If you are a startup eyeing the business-to-business software sector, it might be a good time to jump in.
We spoke with a handful of investors to get some insight into this space: Tomy Han, a principal at Volition Capital; David Blumberg, founder and managing partner of Blumberg Capital; and Richard Wong, general partner at Accel.
From their point of view, the hottest sectors within the B2B software industry look like:
- Security: For everyone on a cellphone or laptop;
- Supply chain visibility: How people buy has shifted to online;
- Health care: Especially telemedicine, with attention on COVID-19, but also helping the population get ongoing care and bridging that gap; and
- Collaboration and virtual workforce: Connecting everyone who is working remotely
“The virtual environment has created an interesting scenario,” Han of Volition Capital told Crunchbase News. “Mid-market enterprises and big companies are trying to be more productive, and that move has roared into a virtual workforce.”
It used to be that Silicon Valley was the only place for an entrepreneur to start a business easily, but now it can be done anywhere in the world—hire virtually, collaborate and sell virtually, he said.

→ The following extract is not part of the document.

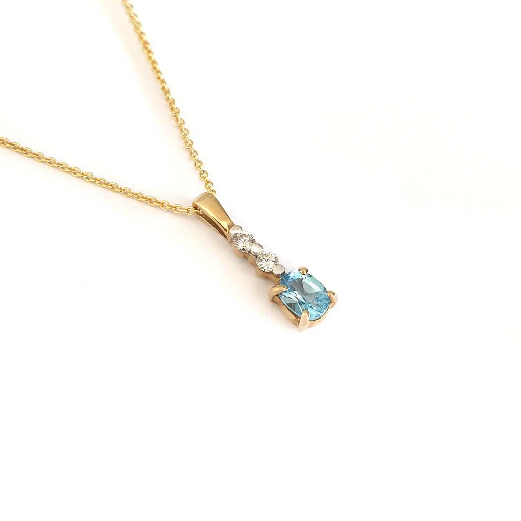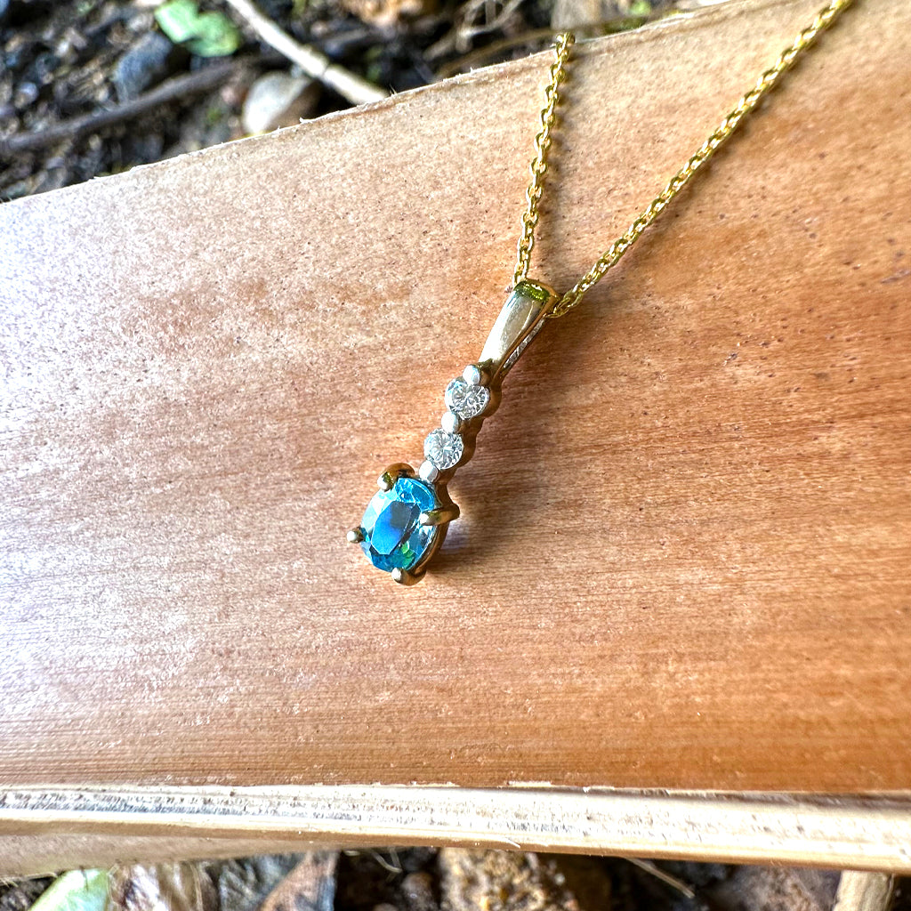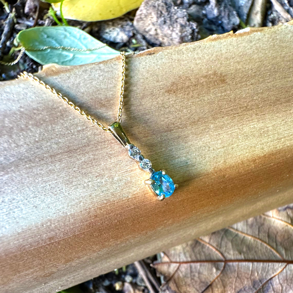 Petite Oval Cut Blue Topaz and Diamond Pendant
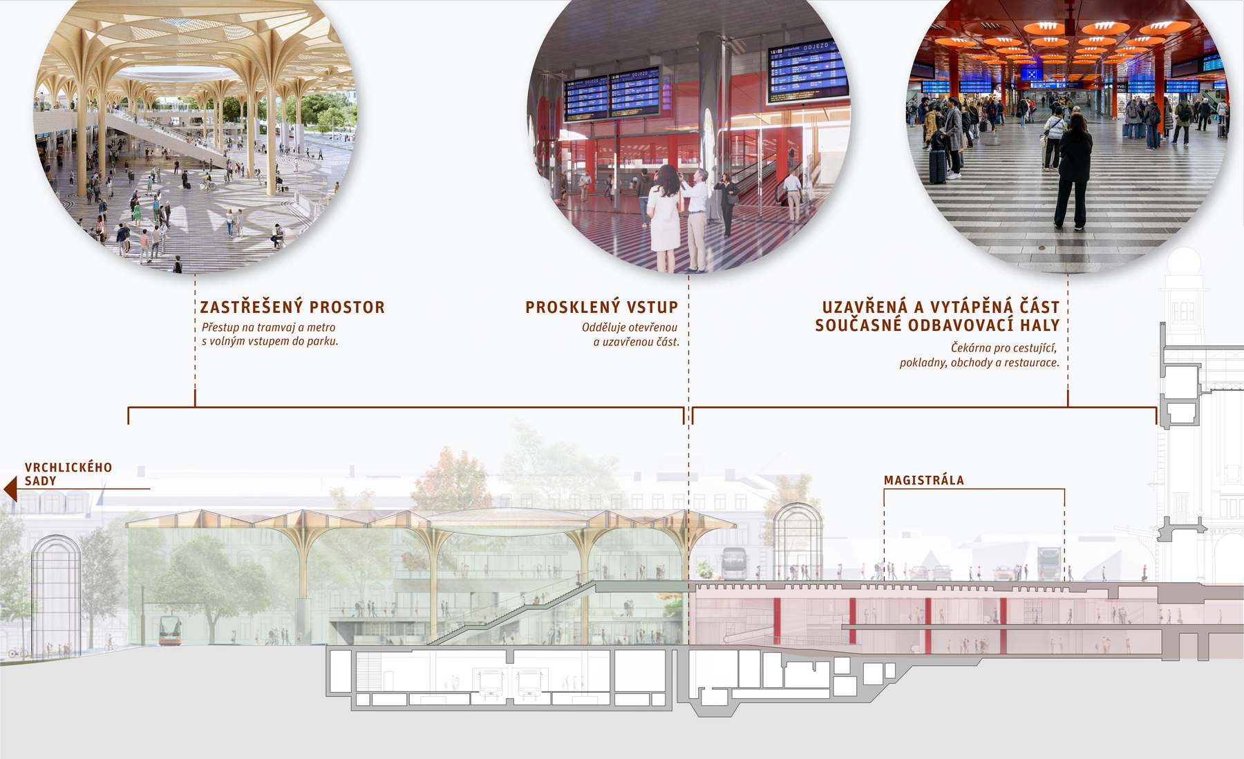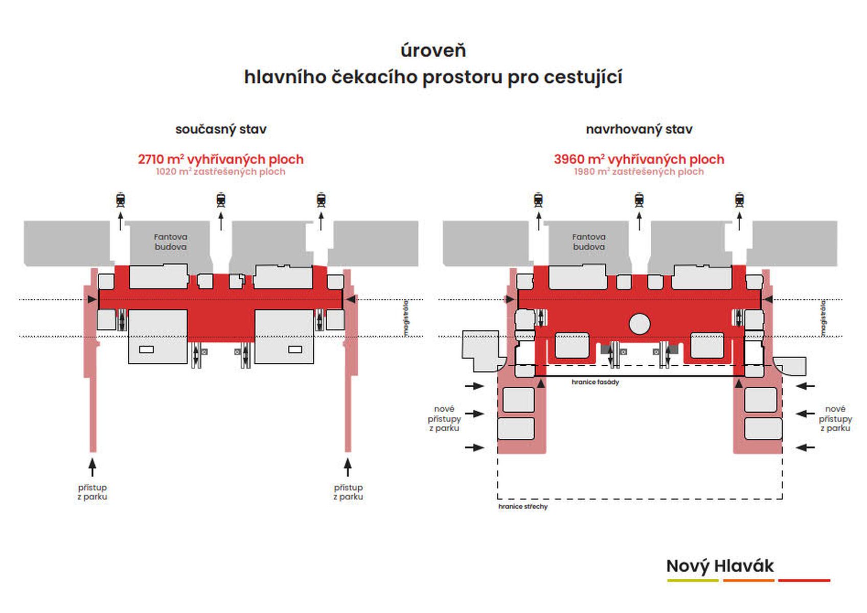 Prostor v přední části haly, který dnes není příliš využívaný, bude nově otevřený do všech stran a propojený s parkem. Díky otevření celé plochy budou cestující moci na nádraží přicházet ze všech směrů, tj. přímo z Vrchlického sadů, od ulice Bolzanova nebo z Václavského náměstí. Výsledné zpřehlednění území umožní cestujícím okamžitou orientaci i příjemný pohyb v prosvětleném a otevřeném prostoru. Kompletní zastřešení zase poskytne mnohem větší komfort, protože cestující mohou přejít z tramvajové zastávky přímo před halou až do metra, vlaku, autobusu i na taxi bez bloudění a suchou nohou. Přitom se jim otevírá výhled na impozantní historickou Fantovu budovu. Samozřejmostí je bezbariérovost celého prostoru. Boční vstupy z parku budou například ve stejné úrovni jako přístupy k vlakům.

In the meantime, startup costs are also decreasing as is the ability to develop cloud-based products
There are two types of potential business ideas that play into the current environment according to Han. Namely, how to help existing customers operate better and how to deliver services to customers. One way to decipher if a product or service is relevant is to seek out beta testers. It’s also a great way to get new customers.
“I’m not sure people want strangers coming into their house, so you have to look at how we digitize it,” Han said. “Now is the time to do that.”
One trend within the B2B software space is integrating functionalities, thus appealing to enterprises that only have to buy one subscription versus five, he said. That is an area that will take a while to see the effects, but Han thinks it will be a benefit to train on only one platform.
Another trend is creating the “next-level” versions of tools, taking into account the workflow issues of the customers a startup is trying to fix. For example, in the supply chain vertical, many companies are still using spreadsheets to keep track of their workflow approvals and billing.
“This solves workflow problems that could be a win,” Han said. “Necessity is the mother of all invention, so five or 10 years down the road we will see a lot of opportunities for entrepreneurs to tackle what came sooner, so it is a good time to start a company.”